Parecer ECONOMIA/GEOT nº 88 DE 13/05/2024

Norma Estadual - Goiás - Publicado no DOE em 13 mai 2024

Consulta sobre a exigência de estorno de créditos de ICMS quando da saída de soja de estabelecimento de produtor rural com substituição tributária pela operação anterior.

I – RELATÓRIO

(...), expõe que determinado produtor rural realiza operação interna de saída de soja, de sua produção, com destino a empresa com termo de credenciamento, sendo aplicada a substituição tributária pela operação anterior, e solicitou via processo SEI transferência de crédito tributário acumulado em aquisição de máquina agrícola.

Acrescenta que o produtor rural mantém/acumula crédito tributário, sendo a maior parte referente entrada de óleo diesel.

Esclarece que a empresa destinatária, da soja, contabiliza as suas operações de forma englobada e possui termo de credenciamento.

Afirma que o Anexo VIII, art. 6°, § 2-A do RCTE veda o destaque no documento fiscal e o correspondente registro a crédito no caso de apuração englobada.

Entende que na legislação goiana a manutenção de crédito, geralmente, está relacionada aos benefícios fiscais e as exportações.

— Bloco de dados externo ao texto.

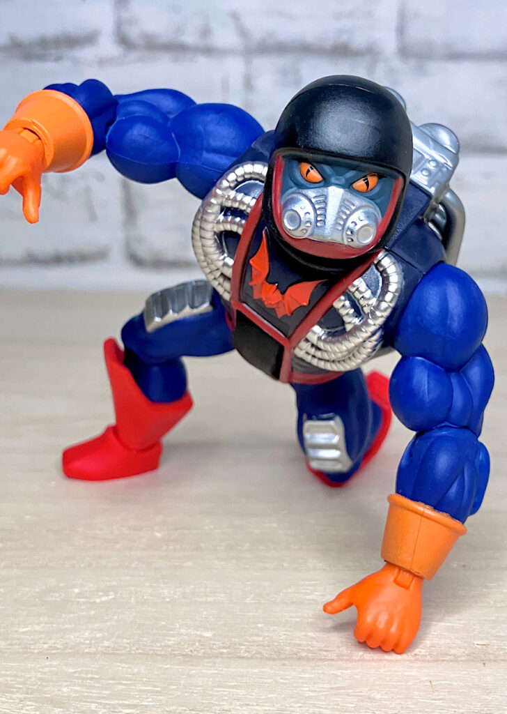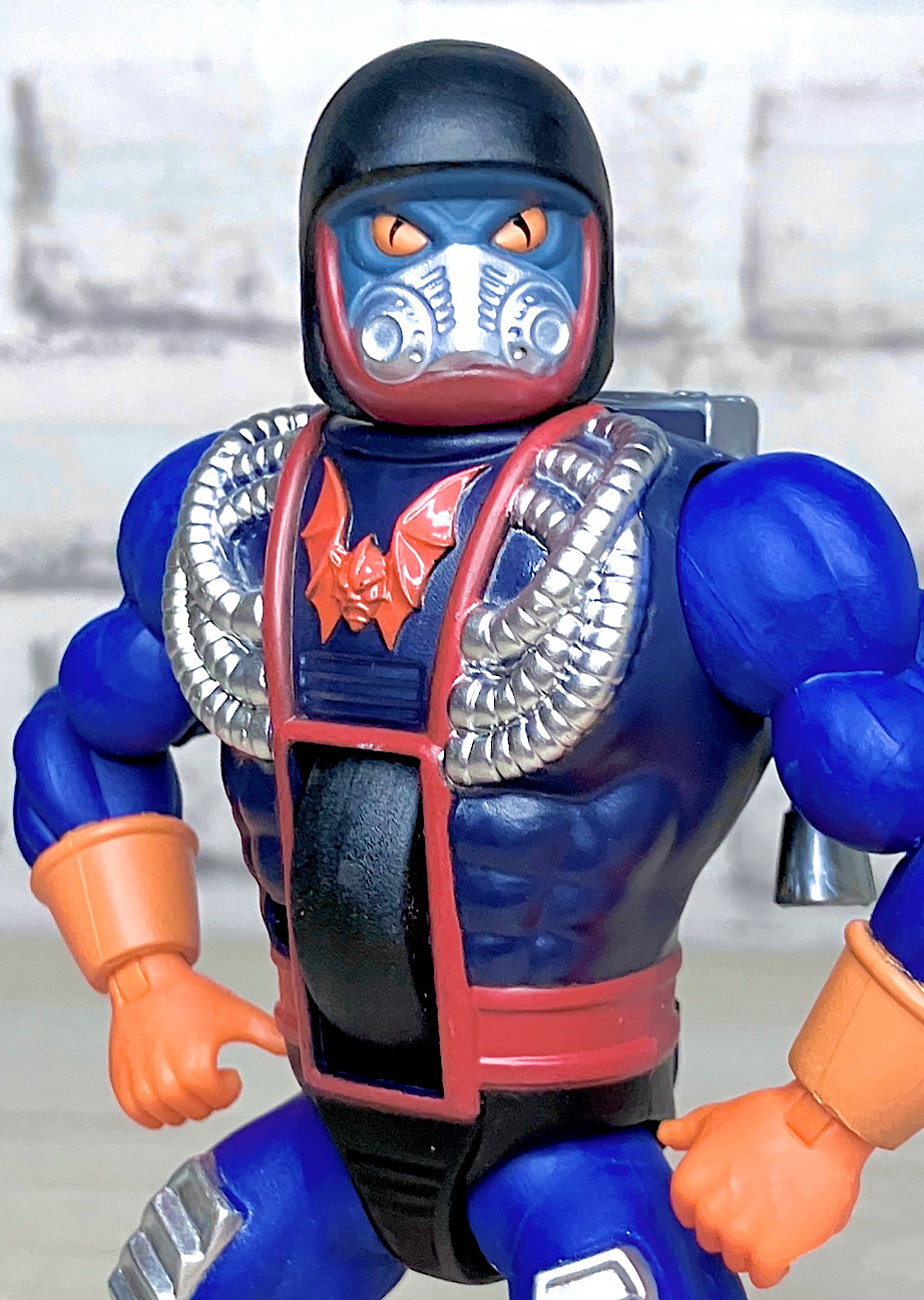 【アップ】マスクの下にはモンスター風の素顔が描かれているようです。改造前は普通の人だったので、ちょっとかわいそうな境遇。なおボディには後述のギミックが仕込まれており、流用の少ない高コストアイテムとなっております。
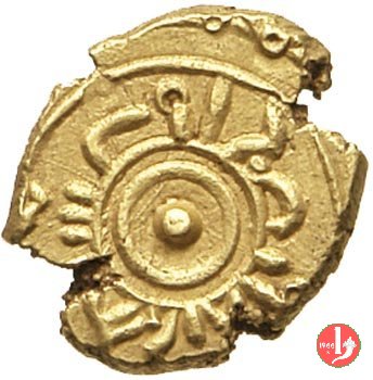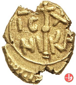 In centro globetto entro cerchio lineare, intorno in cufico Federico Re di Sicilia; nel giro legenda pseudo cufica Croce latina accostata dalle lettere ICXC  e NI KA, intorno legenda cufica
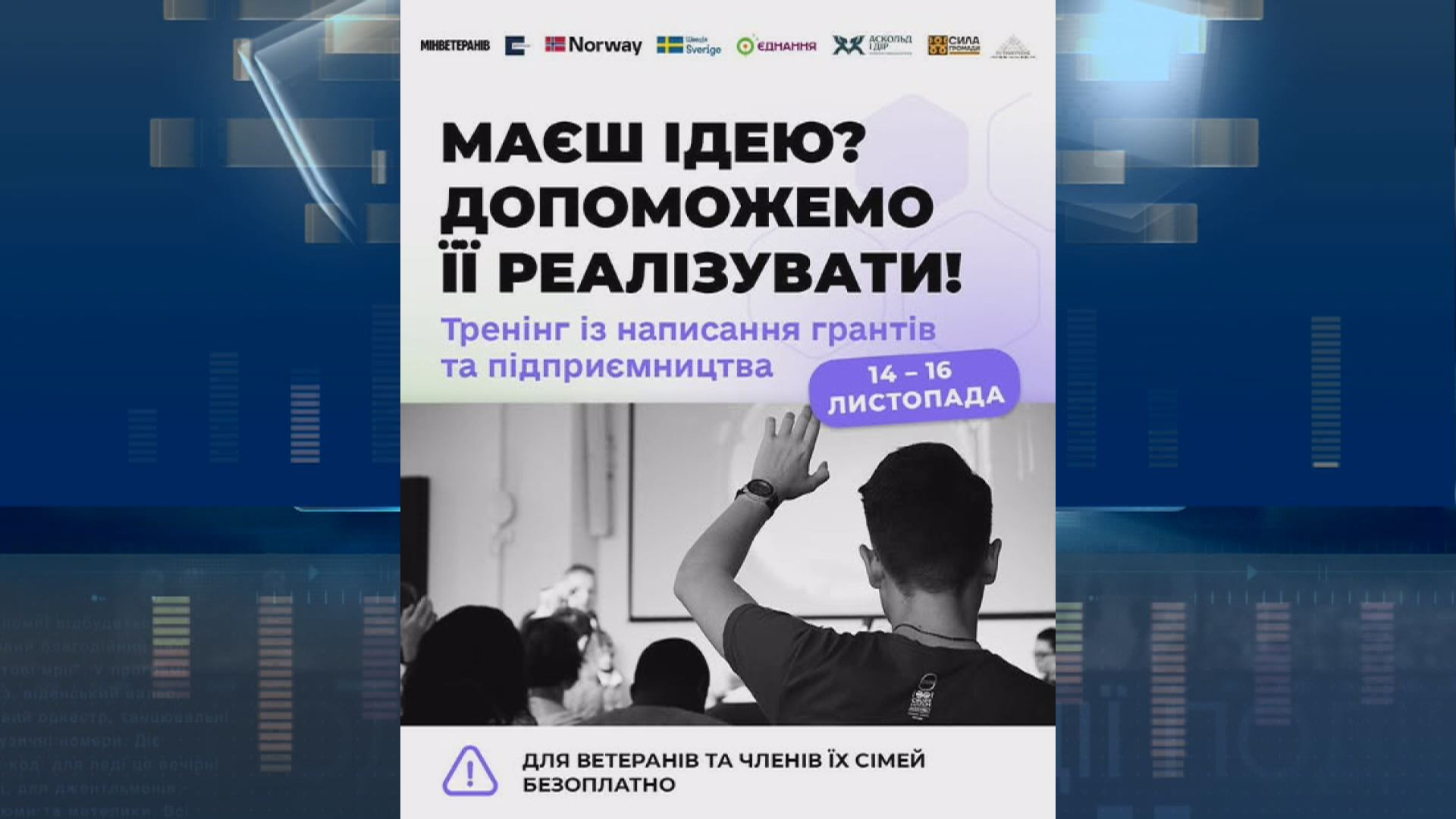 Трьохденний тренінг із грантрайтингу та підприємництва для ветеранів і членів їхніх сімей відбудеться у Коломиї. Місце проведення - простір підтримки «Гарт». Так організатори допоможуть реалізувати власну ідею або започаткувати бізнес. Проєкт реалізовується ГО «Сила Громади» в партнерстві з ГО «Трикутник» за підтримки Українського ветеранського фонду Міністерства у справах ветеранів України за співфінансування закордонних партнерів.
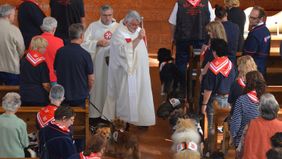 Grund genug für die Malteser, dieses Jubiläum im Rahmen eines Gottesdienstes zu feiern. Und so bevölkerten rund 40 Hunde mit ihren Herrchen und Frauchen am 1. September die Hadamarer Stadtkirche St. Johannes Nepomuk, um sich von Pfarrer Andreas Fuchs, Kreisseelsorger der Malteser für ihren Dienst segnen zu lassen und den Tönen der Veeh-Harfengruppe sowie Hilmar Schmidts bewegendem Sologesangsvortrag von Rolf Løvlands „You raise me up“ zu lauschen.
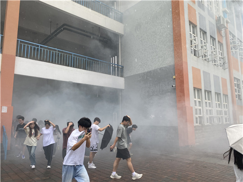 讲座结束后,分校组织了消防疏散演练,随着消防疏散的警报响起,教学楼内的负责教师迅速到达指定位置,参演学生在老师的指挥下按照制定的安全出口和疏散线路快速有序地撤离模拟火场至安全区域。
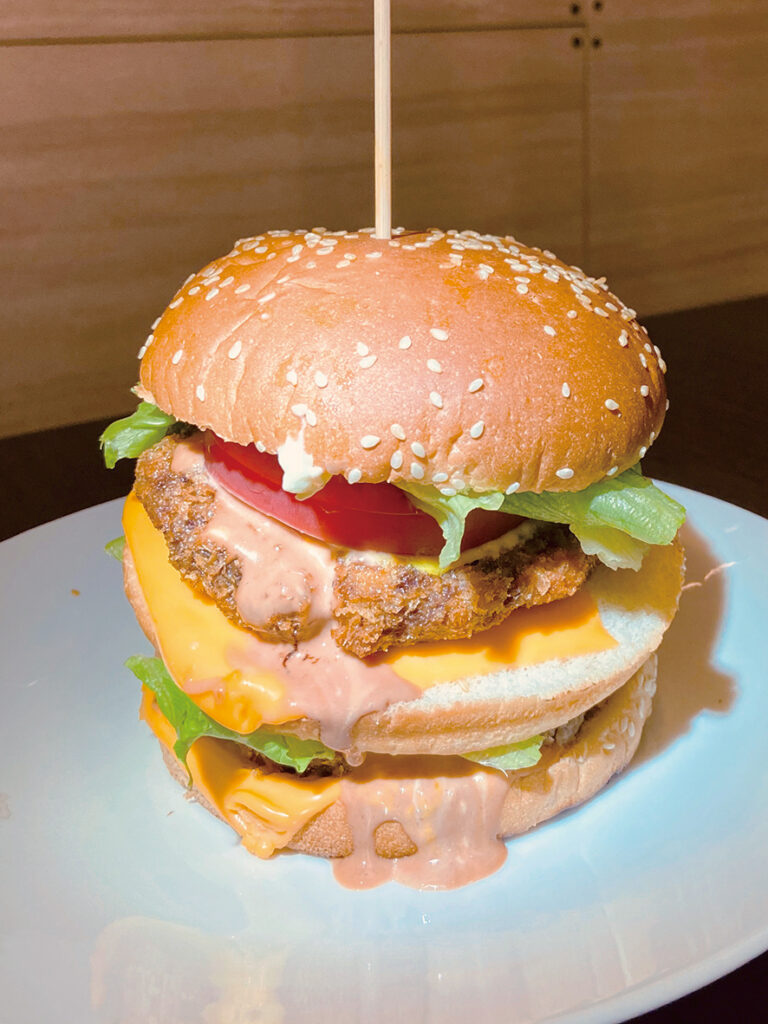 味は照り焼き、チーズ入りなど5種類で、一番人気はチーズ、レタス、トマトが入ったメンチカツ野菜バーガー(1個580円)。若い男性には、厚さ約10㌢のビッグメンチカツ野菜チーズバーガー(980円)も売れている。どれもマスタードの効いた特製ソースが好評だ。
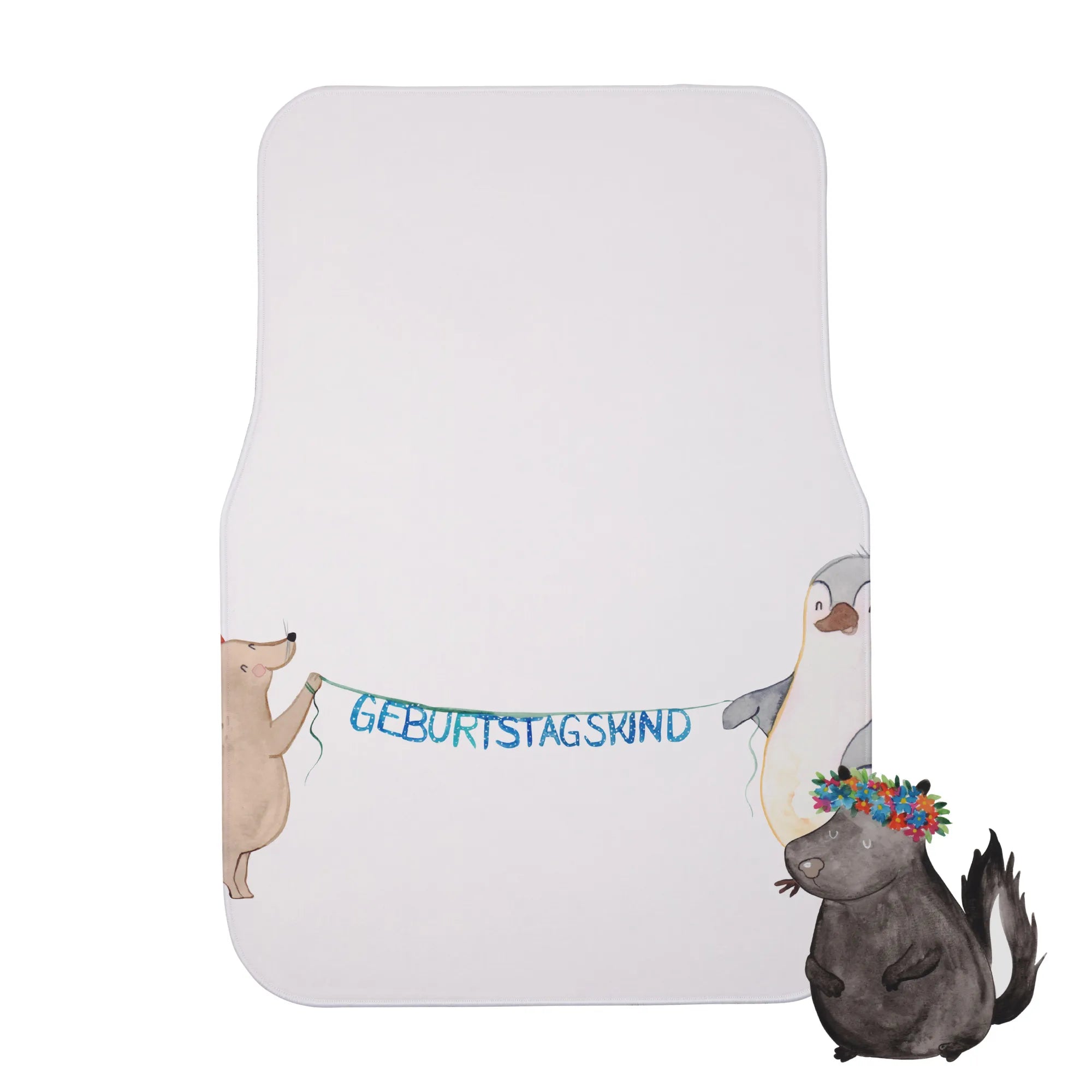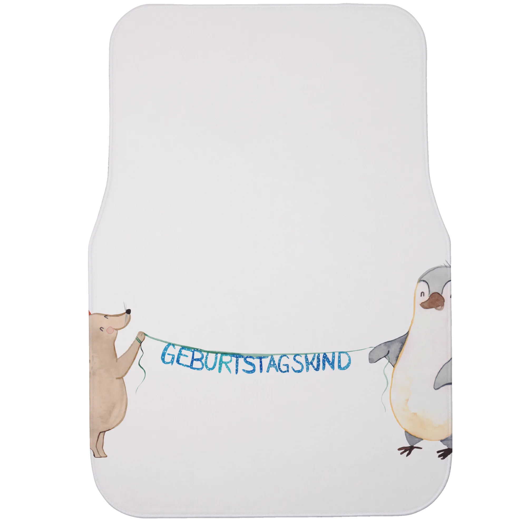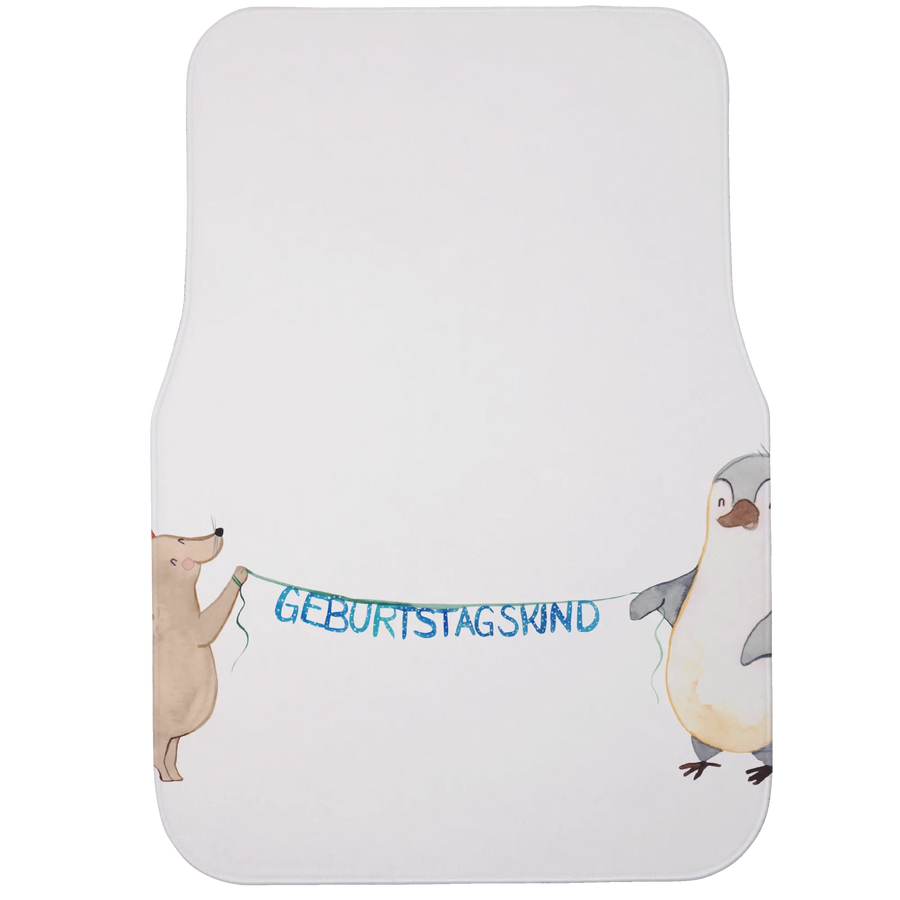 Die Fahrer Autofußmatte Maus Pinguin Geburtstag ist das perfekte Geschenk für alle Geburtstagskindern, die es lieben, ihr Auto stylish und praktisch zugleich zu gestalten. Mit einem charmanten Motiv eines kleinen Pinguins und einer süßen Maus, die gemeinsam eine Girlande halten, bringt diese Schmutzmatte Farbe und Freude in jeden Fahrzeug-Innenraum.
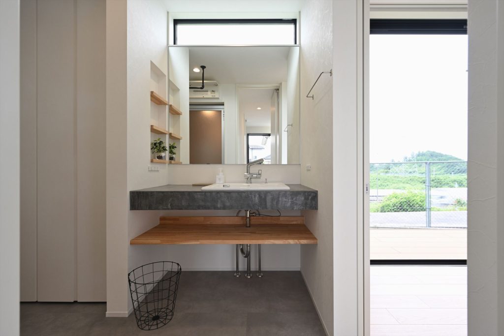 滑らかな仕上がりにより、造作洗面ならではの一体感のあるデザインに仕上がっています。
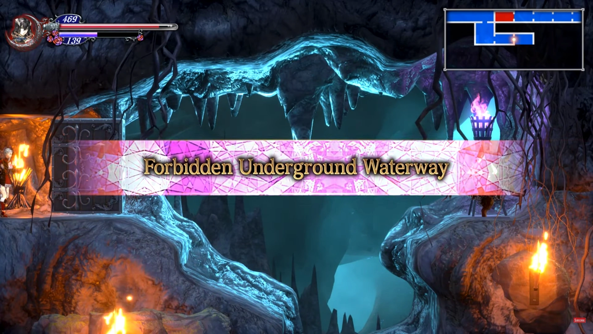 Bloodless initially cannot access most of this area but for a different reason than Miriam: she can swim but rapidly loses HP while in water. To properly explore it, she must first go to the Towers of Twin Dragons and defeat Valac to claim the Blood Steal ability. Using the Blood Steal, she must then drain the blood fountain in the Entrance to access dry parts of the Forbidden Underground Waterway.
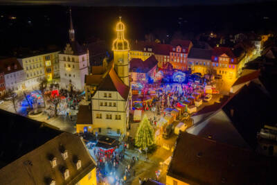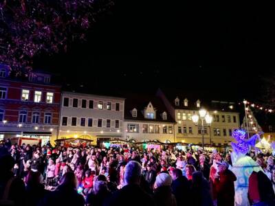 Auch die letzte Großveranstaltung des Jahres kann wieder als voller Erfolgt bezeichnet werden. Über 10.000 Besucherinnen und Besucher aus Eisenberg und der Region strömten an drei Weihnachtsmarkt-Tagen in die Innenstadt. Besondere Besuchermagnete waren wieder die beliebten Walkacts, welche auf dem Steinweg und dem Markt unterwegs waren, die musikalischen Einlagen auf den beiden Bühnen am Markt sowie das Angebot an elektronischer Musik auf dem Hof der Stadtbibliothek. Richtig voll wurde es wieder am Samstag, als sich die Weihnachtsfiguren-Parade ihren Weg über den Steinweg auf den Markt bahnte. Über 100 verschiedene internationale Weihnachtsfiguren wurden von den Freiwilligen präsentiert. Bürgermeister Michael Kieslich zeigte sich dankbar für die Leistung der vielen haupt- und ehrenamtlichen Helferinnen und Helfer. Hier finden Sie einige Impressionen zum Weihnachtsmarkt-Wochenende 2025.
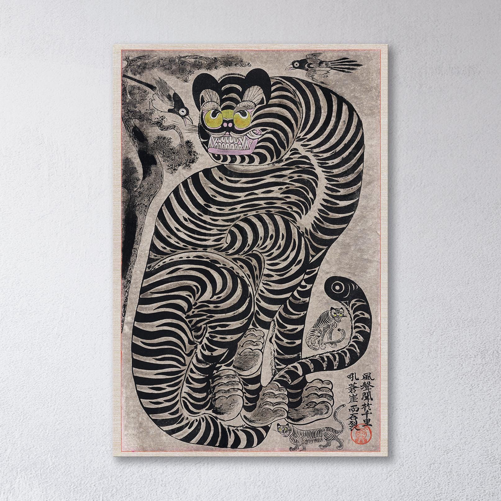 Vintage 20th-century Japanese talismanic tiger painting featuring a fierce striped beast with yellow glasses, grinning fangs, and bold ink brushwork on premium eco leather canvas. This protective folk art embodies mythical power and cultural symbolism, perfect for striking decor in homes, offices, or zen-inspired spaces.

Assim, formula os seguintes questionamentos:

- se o produtor rural tem direito a manter o crédito das operações anteriores referentes a saídas internas com substituição tributária pelas operações anteriores com soja;

- não tendo direito à manutenção do crédito, quando apurará e o momento para o estorno em futuras operações.

II – FUNDAMENTAÇÃO

O ICMS, conforme previsto na Constituição Federal de 1988, é caracterizado pelo princípio da não-cumulatividade e, ao mesmo momento, pelo princípio do devido estorno de créditos no caso de saída de mercadoria com isenção ou não incidência.
Eis os dispositivos constitucionais pertinentes ao tema:

Art. 155. Compete aos Estados e ao Distrito Federal instituir impostos sobre:

(...)

II - operações relativas à circulação de mercadorias e sobre prestações de serviços de transporte interestadual e intermunicipal e de comunicação, ainda que as operações e as prestações se iniciem no exterior;

(...)

§ 2º O imposto previsto no inciso II atenderá ao seguinte:

I - será não-cumulativo, compensando-se o que for devido em cada operação relativa à circulação de mercadorias ou prestação de serviços com o montante cobrado nas anteriores pelo mesmo ou outro Estado ou pelo Distrito Federal;

II - a isenção ou não-incidência, salvo determinação em contrário da legislação:

(...)

b) acarretará a anulação do crédito relativo às operações anteriores;

A Lei Complementar nº 87/96 – chamada de Lei Kandir, que estabelece regras gerais para as unidades federativas relativamente ao ICMS, estabelece a vedação aos créditos de ICMS na entrada do estabelecimento, no caso de se saber antecipadamente, que as mercadorias vão sair do estabelecimento com isenção ou não incidência.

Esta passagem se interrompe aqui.